A hen near Leeds, England, caused a panic in 1806 when she began laying eggs inscribed with the words Christ is Coming. Terror of Judgment Day swept the population until it was observed that the hen’s owner, Mary Bateman, who had been charging a penny per visitor, was writing the message on eggs and forcibly reinserting them into the hen to be laid again.

Miscellany Freedom

A public announcement from 156 bc offers a reward of three talents of copper for the recapture of an eighteen-year-old Syrian-born slave named Hermon who has escaped from an Alexandria household; two talents to anyone who “points him out in a temple”; five if he is found “in the house of a substantial and actionable man.” The advertisement notes that Hermon “has taken with him three octa­drachms of coined gold, ten pearls, an iron ring…and is wearing a cloak and a loincloth”; that he has “a mole by the left side of the nose”; and that he is “tattooed on the right wrist with two barbaric letters.”

Miscellany Death

A Gettysburg resident, F. W. Biesecker, won the contract in 1863 to bury the Union dead, at the rate of $1.59 per corpse, in the town’s recently dedicated national cemetery. After the war, between 1865 and 1870, there were large-scale efforts to rebury all Union soldiers in national cemeteries; to separate them from Confederate corpses, workers assessed jacket color, shoe make, and cotton-underwear quality.

Miscellany Revolutions

A character in Stendhal’s The Red and the Black, which is set in the run-up to the July Revolution in France, says at one point, “Politics…is a stone tied round the neck of literature which submerges it in less than six months. Politics in the midst of imaginative matter is like a pistol shot in the middle of a concert. The noise is racking without being energetic.
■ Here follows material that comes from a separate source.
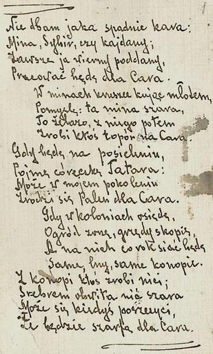 Keywords: Nie dbam jaka spadnie kara….jpg ru Nie dbam jaka spadnie kara - песня изгнанников От ывок из поэмы Адама ицкевича Дзяды 1860-ые гг Автог аф К С Кост овицкого а польском языке 2013-06-03 11 36 16 http //archives gov by/index php id 136859 Karuś Kahaniec Custom license marker 2013 06 03 PD-old Uploaded with UploadWizard Karuś Kahaniec Dziady January Uprising 1860s documents |

It does not harmonize with the sound of any instrument.”

Miscellany Climate

“Not one cent for scenery,” Republican House Speaker Joseph Gurney Cannon said in opposition to President Theodore Roosevelt’s conservation agenda. In 1965 President Lyndon Johnson, at the signing of a conservation bill, said, “Today we are repealing Cannon’s law.”

Miscellany Music

In her journal about life as a lady-in-waiting at Heian court, Sei Shonagon expresses her delight in men who keep a transverse flute tucked away in the breast of their robes. “There really is nothing more marvelous,” she writes. “And it’s delightful to discover beside your pillow at daybreak the handsome flute that your lover has inadvertently left behind him.”